Print version ISSN 1870-249X

J. Mex. Chem. Soc vol.56 n.2 Ciudad de México Apr./Jun. 2012

 

Article

 

Silver Precipitation Using Sodium Dithionite in Cyanide Media

 

Isauro Rivera,1* Guillermo Juárez,2 Francisco Patiño,1 Iván A. Reyes,1 Antonio Roca,3 and María I. Reyes1

 

1 Área Académica de Ciencias de la Tierra y Materiales, Universidad Autónoma del Estado de Hidalgo, Ciudad Universitaria, Carretera Pachuca–Tulancingo km. 4.5, C.P. 42184, Pachuca Hgo. México. * isaurorivera@yahoo.es

2 Instituto de Minería, Universidad Tecnológica de la Mixteca, Carretera a Acatlima km. 2.5, C.P. 69000, Huajuapan de León, Oaxaca. México.

3 Facultat de Química. Universitat de Barcelona. Martí i Franquès 1, 08028 Barcelona, Spain.

 

Received September 12, 2011.
Accepted March 20, 2012.

 

Abstract

The nature of the reaction and the main parameters affecting Ag precipitation rate in the system Ag+–CN–S2O42– are studied. From the results obtained, a process of chemical precipitation for Ag recovery is proposed, using an environmentally–friendly reducing reagent (sodium dithionite, Na2S2O4), leaving a residual content of Ag into the permitted environmental levels (<5 mg L–1 Ag). The levels of CN in liquids wastes are of the order of 0.816 mol L–1, and they can be treated by ozonization processes for inerting cyanide. The results obtained indicate that Ag precipitation is achieved in less than 1 hour, with recoveries close to 99%, at room temperature. Silver precipitation is characterized by an induction period followed by a precipitation period, leaving a metal amount in solution less than 1 mg L–1. The main kinetic parameters studied lead to obtain the following apparent reaction orders: with respect to the initial [S2O42–] was n = 1.675, with respect to [CN] was –1.24, with respect to [OH] was ≈0 (between 10–4 and 10–2 mol L–1) and with respect to the initial [Ag+] was 0.524. An activation energy of 77 kJ mol–1 was obtained. Under these conditions, Ag precipitation in the system Ag+–CN–S2O42– is controlled by chemical reaction, characterized by high activation energy, and is independent of the hydrodynamic variables of the system.

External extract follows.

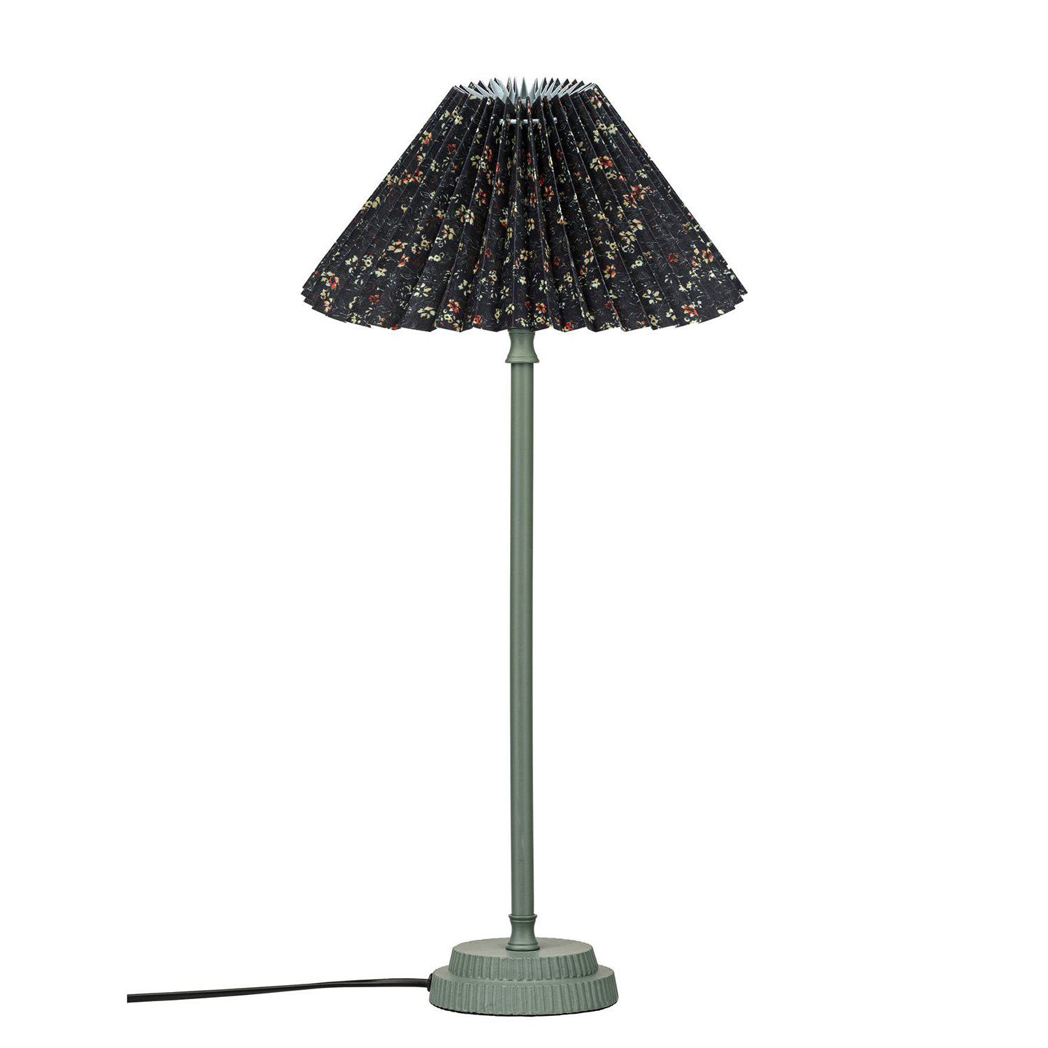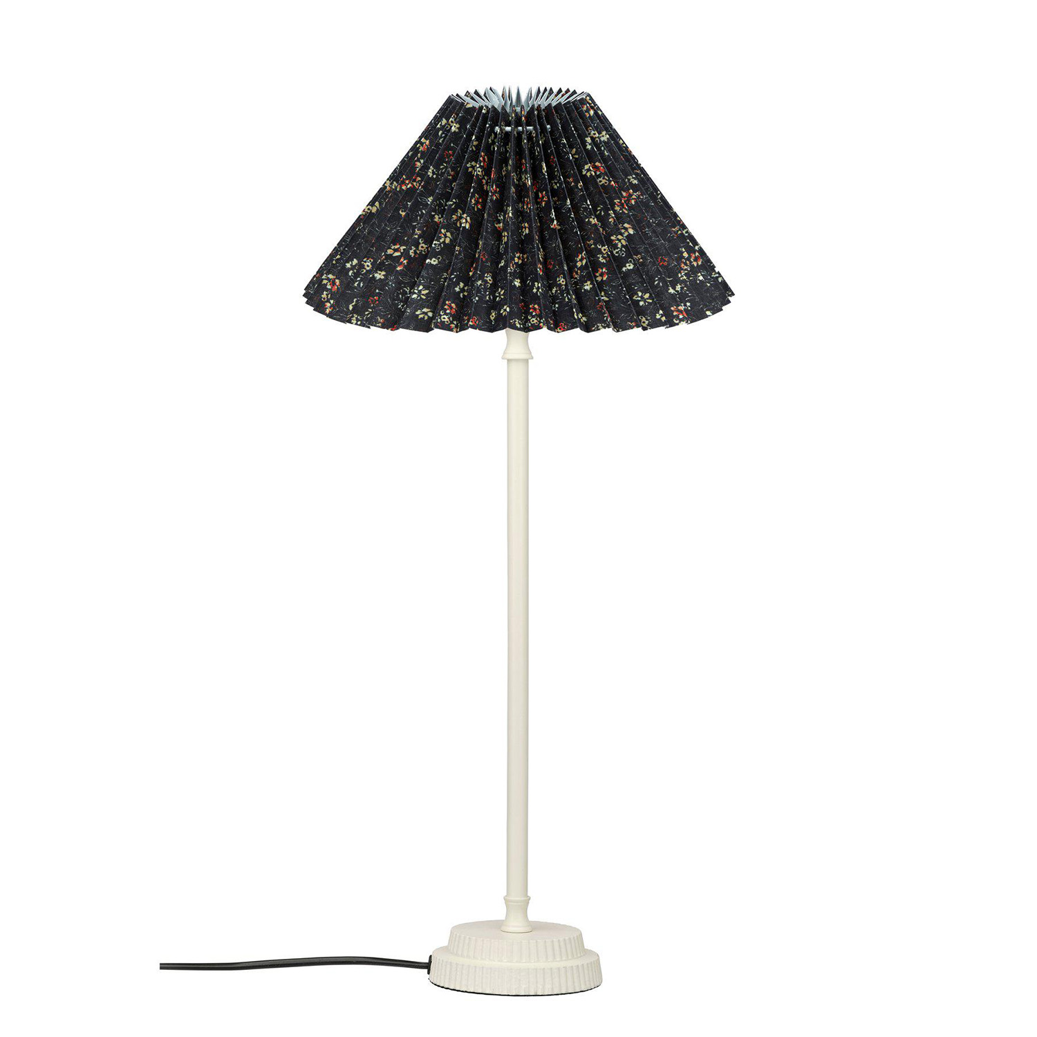 Kent lampfot med den veckade lampskärmen Ines i ett småblommigt ekologiskt bomullstyg. Skärmen är 25 cm bred och 14cm hög och har ett vändbart E27 ringfäste. Lampfoten är 45cm hög och den totala höjden blir 55 cm. 1,5 m svart plastsladd med strömbrytare. E27 sockel. Max 40W. IP20. Ljuskälla köpes separat.

Key words: Silver precipitation, sodium dithionite, sodium cyanide, chemical kinetics, reaction order.

 

Resumen

Se ha estudiado la naturaleza de la reacción y los principales parámetros que afectan la velocidad de precipitación en el sistema Ag+–CN–S2O42–. De los resultados obtenidos, se propone un proceso de precipitación química para la recuperación de Ag usando un reactivo reductor amigable con el medio ambiente (ditionito de sodio, Na2S2O4), que deja un residuo de Ag dentro de los niveles ambientales permitidos (< 5 mg L–1 Ag). Los niveles de CN en los líquidos residuales son del orden de 0.816 mol L–1 y pueden ser tratados por procesos de ozonización para la inertización del cianuro. Los resultados obtenidos indican que la precipitación de Ag se logra en menos de una hora, con recuperaciones cercanas a 99% a temperatura ambiente. La precipitación de la plata se caracteriza por un periodo de inducción, seguido de un periodo de precipitación, dejando una cantidad de metal en solución de menos de 1 mg L–1. Los principales parámetros cinéticos estudiados llevan a la obtención de los siguientes órdenes de reacción aparentes: Con respecto a la [S2O42–] inicial, fue de n = 1.675; con respecto a [CN], fue de –1.24; con respecto a [OH], fue de ≈ 0 (entre 10–4 y 10–2 mol L–1), y con respecto a la [Ag+] inicial, fue de 0.524. Se obtuvo una energía de activación de 77 kJ mol–1. Bajo estas condiciones, la precipitación de Ag en el sistema Ag+–CN–S2O42– está controlada por la reacción química, se caracteriza por una elevada energía de activación y es independiente de las variables hidrodinámicas del sistema.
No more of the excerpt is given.